SUPPLIED INFORMATION:
===

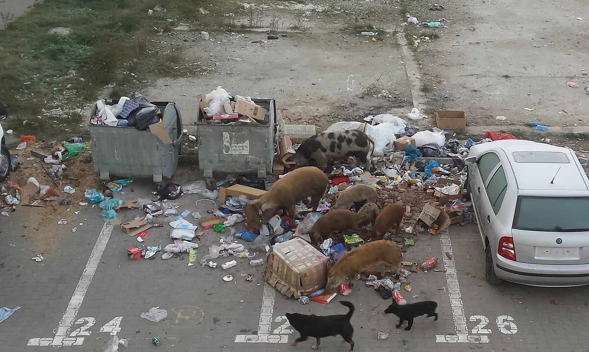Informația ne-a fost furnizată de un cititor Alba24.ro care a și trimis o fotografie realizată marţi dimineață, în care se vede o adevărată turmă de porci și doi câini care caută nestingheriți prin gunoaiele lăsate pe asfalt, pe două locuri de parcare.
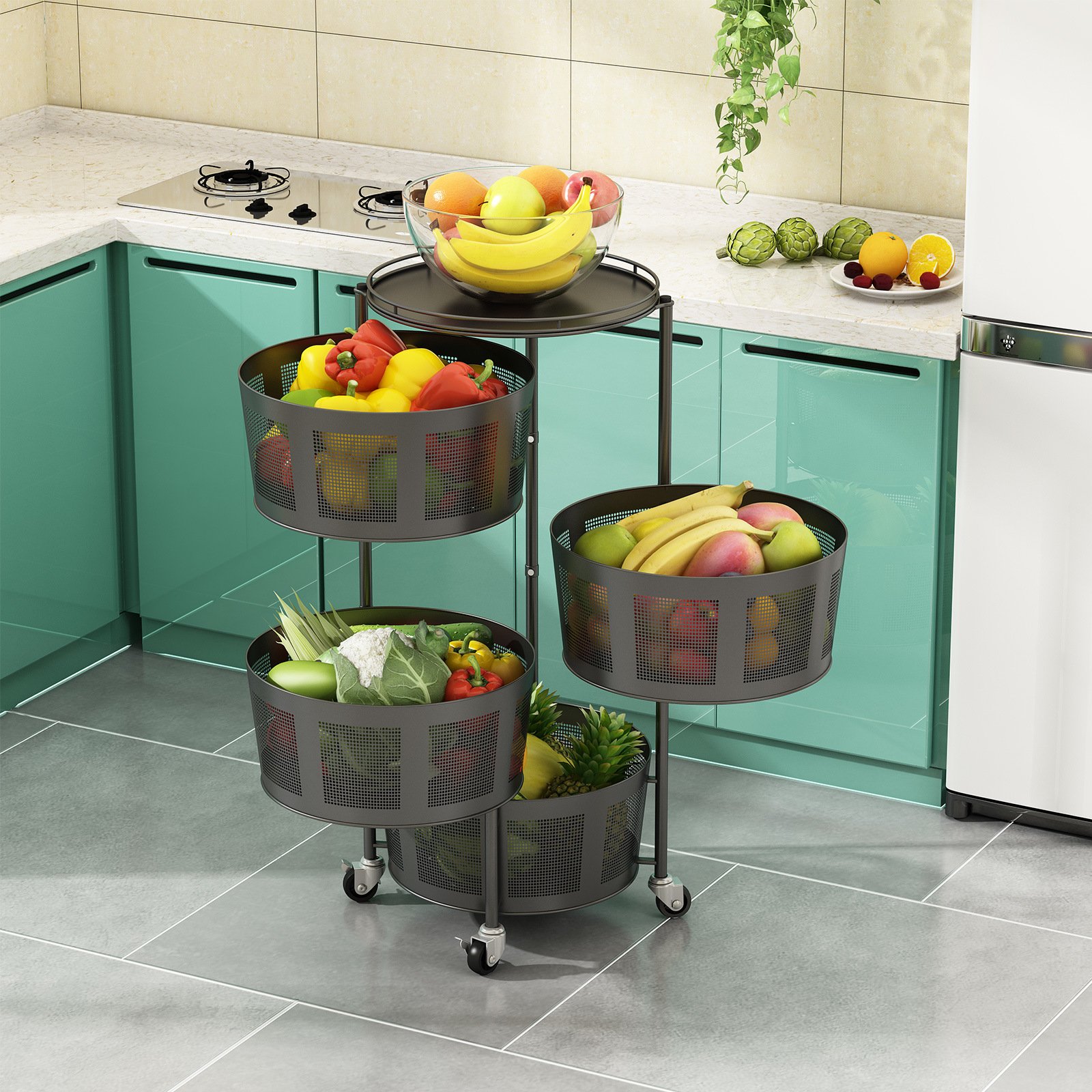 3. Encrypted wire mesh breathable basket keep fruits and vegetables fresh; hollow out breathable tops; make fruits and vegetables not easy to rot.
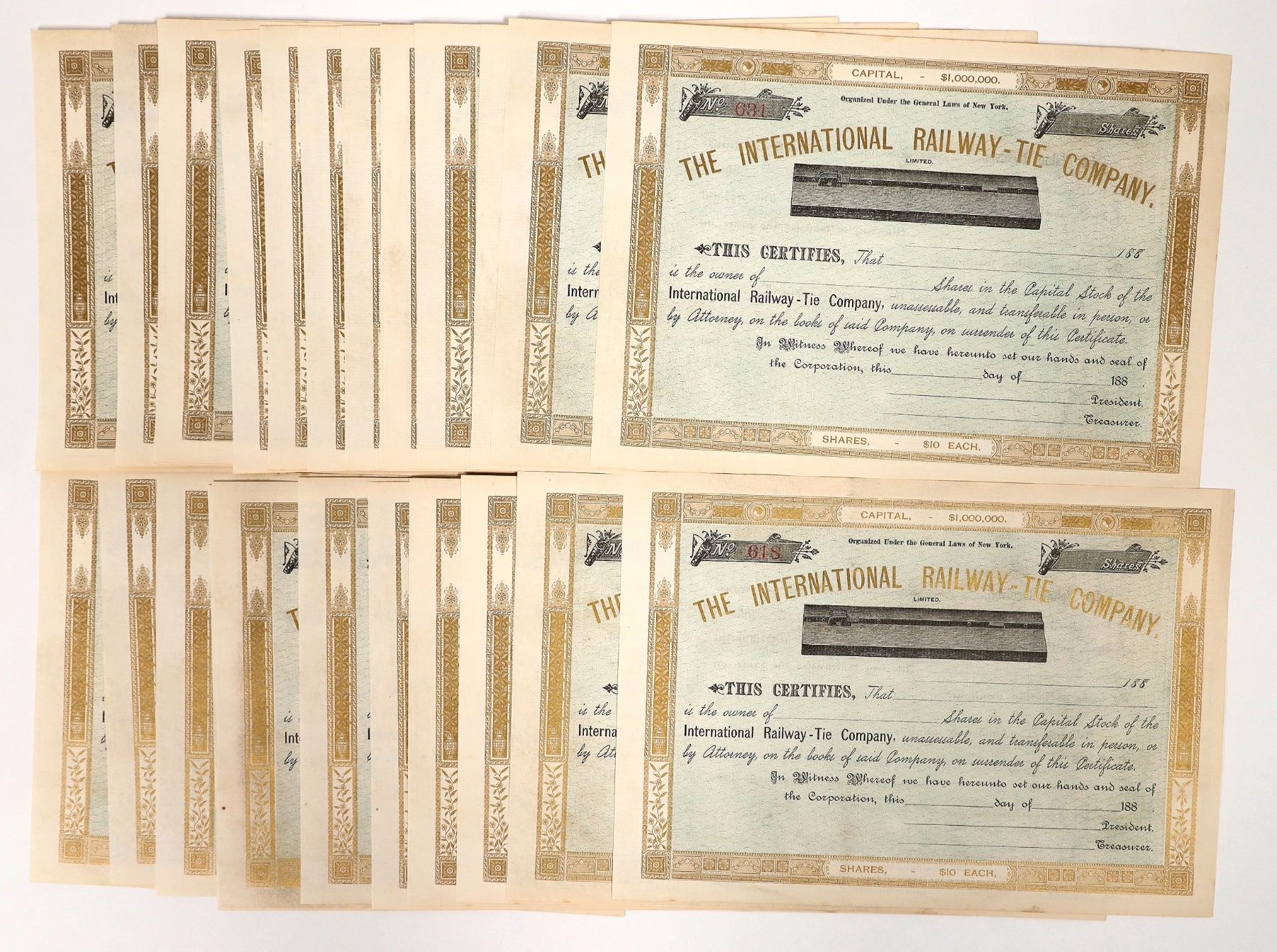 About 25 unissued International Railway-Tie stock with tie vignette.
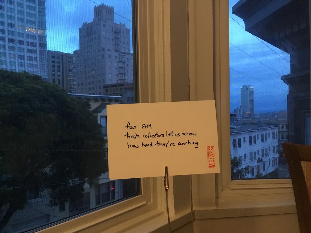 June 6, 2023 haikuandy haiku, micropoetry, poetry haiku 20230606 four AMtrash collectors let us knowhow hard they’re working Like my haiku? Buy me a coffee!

===

TASK REQUIREMENTS:
Repeat word for word only the lines from the line holding "About 25 unissued" to the final line of the material, both included. Don't carry over any picture.

REPLY:
 About 25 unissued International Railway-Tie stock with tie vignette.
 June 6, 2023 haikuandy haiku, micropoetry, poetry haiku 20230606 four AMtrash collectors let us knowhow hard they’re working Like my haiku? Buy me a coffee!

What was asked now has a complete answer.